Bu davada yargılanan sanıklara, Cemaat ve onla bağlantılı olarak emniyet içindeki özel yapılanma hakkında sorular ısrarla heyet tarafından yönlendiriliyor. Emniyet’te Cemaat yapılanmasının uzantısı olan bir şura örgütlenmesine dair deliller ortaya çıktı. Bunlara ilişkin başka mahkemelerde yargılama yapılıyor. Hrant Dink cinayeti davasında yargılanan bazı emniyet müfettişleri, bilirkişiler, istihbaratçılar 15 Temmuz’la ilgili davalarda yargılanıyorlar.
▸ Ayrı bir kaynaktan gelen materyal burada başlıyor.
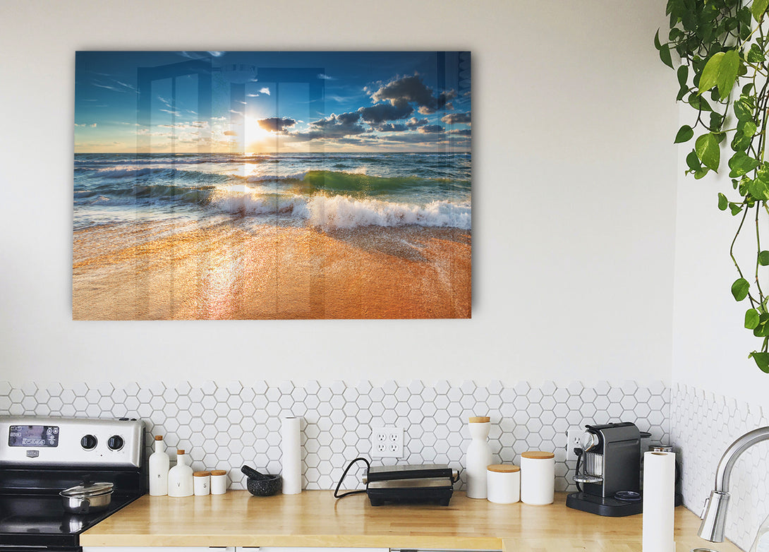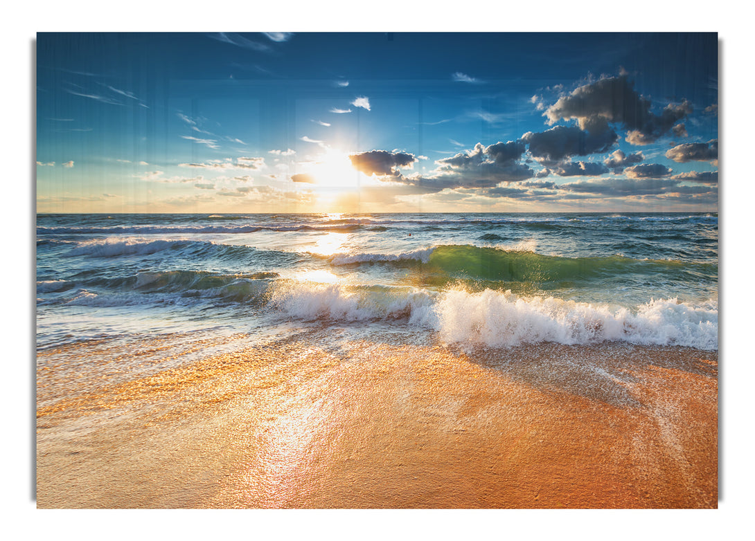 Crashing blue waves on the shore acrylic print, UV printed onto 5mm thick acrylic glass. Comes with everything you need to hang on your wall.
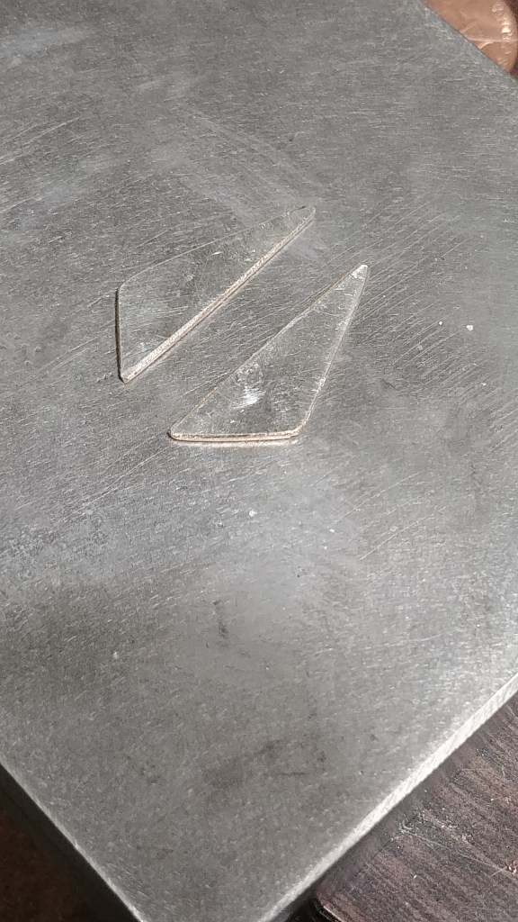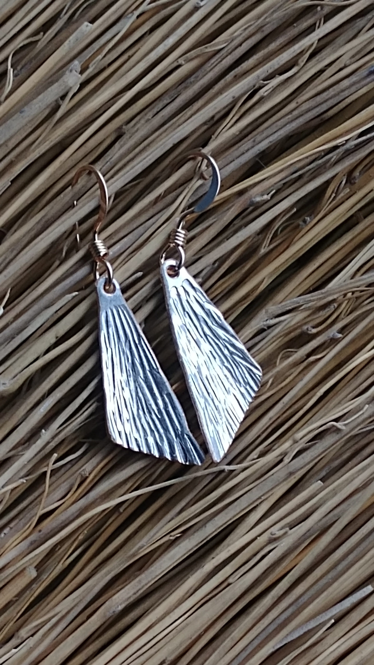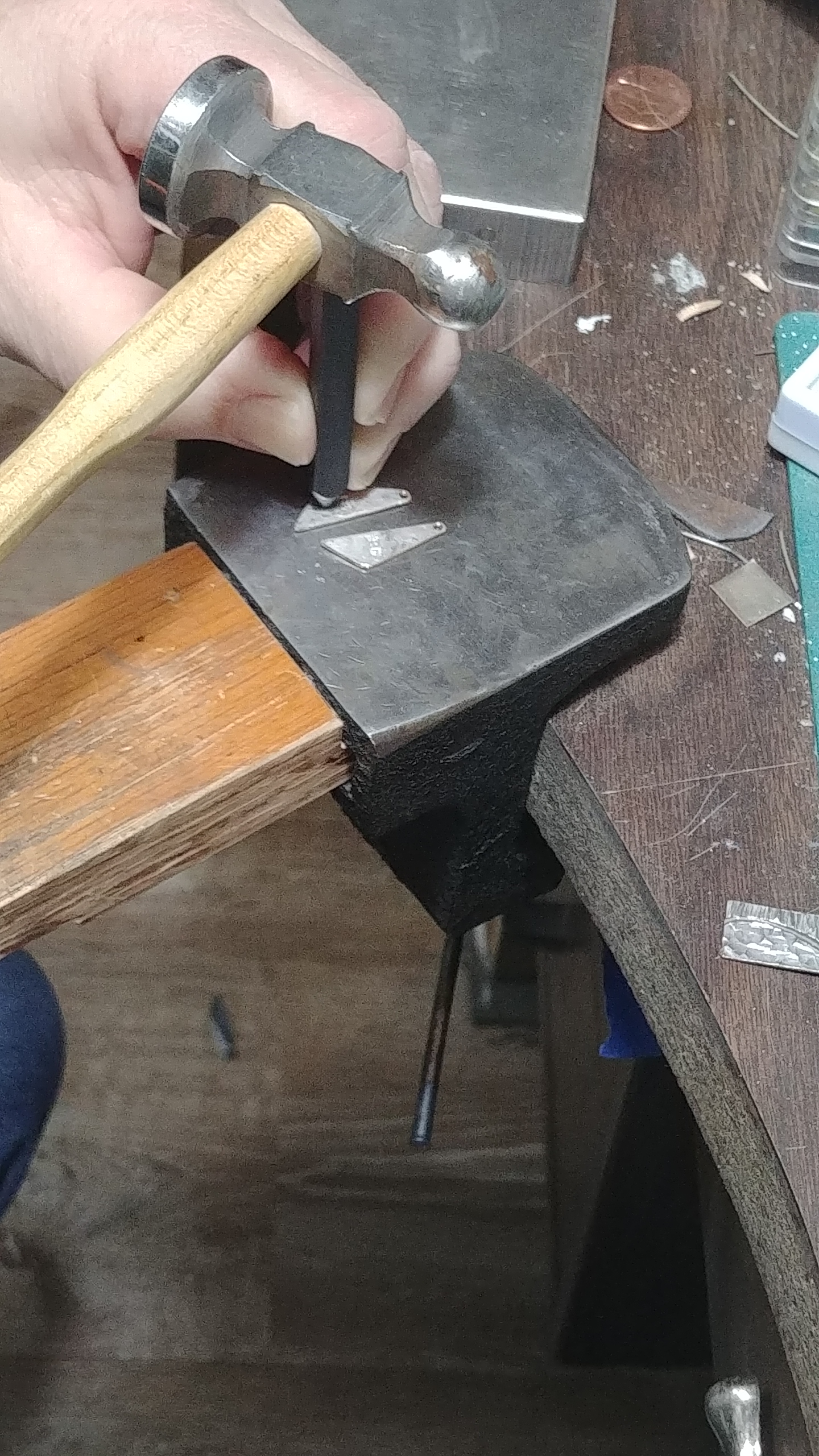 After completing a commission, I had a small silver octagon cutout left over. Trimming the edges left a pair of triangular shapes, so these were filed, drilled, and textured. These earrings were the result.

Duruşmalar boyunca Ramazan Akyürek ve diğerleri böyle bir yapılanmanın izini görmediklerini söyleyerek iddiaları kabul etmediler. Ama bazı polisler emniyet içindeki yapılanmaya ilişkin dikkat çekici anlatımlarda bulundular. İstanbul Emniyeti’nde görevli ve Cemaatçi olduğu iddia edilen ekip tarafından tasfiye edilmek istendiğini söyleyen üst düzey emniyet yetkilisi, Emniyet Genel Müdürü’nden bu konuda karşılık alamadığını ifade etti. Celaletin Cerrah’ın anlatımına göre, Ali Fuat Yılmazer’in atanmasına kendisi muhalefet ediyor. Yeni atanan istihbarat daire başkanı 300 civarı polisi değiştiriyor ve bir liste getiriyor Cerrah’ın onaylaması için. Cerrah listeyi kabul etmeyince konu İçişleri Bakanlığı’na yansıyor. Bakan Cerrah’ı Ankara’ya çağırıyor ve ona Yılmazer’in dediğini yap diyor.

O gün yaşanan ilişkiler, bugün yaşanan siyasi durumlara bağlı gelişmelerle sınırlı tutulamaz. Cemaat davalarında ve Hrant Dink davasında yargılanan resmi kişilerin hepsinin cinayetle ilgisi var. Ama bununla sınırlı değil. Devletin tüm kademelerinin bu cinayette katkısı var. Baştan beri bunu söylüyoruz. Bir dönem Ergenekon davalarında yargılananlarla sınırlı tutulmak istendi, onların da parmağı vardı, şimdi Cemaatle sınırlı tutulmak isteniyor. Biz her zaman “hepiniz oradaydınız” dedik. Demeye devam ediyoruz. Biz bitti demeden, bu dava bitmez demek istiyorum. Hâlâ bu katillere öldür diyenler ortaya çıkmadı, yargılanmadı. Bu yapılana kadar biz devam edeceğiz.

19 ocak 2017’de öldürülüşünün 10. Yılında, vurulduğu yerde, vurulduğu saatte Hrant Dink’i anacağız. 10 yıldır süren adalet arayışı ve vicdan mücadelesi söz konusu olan.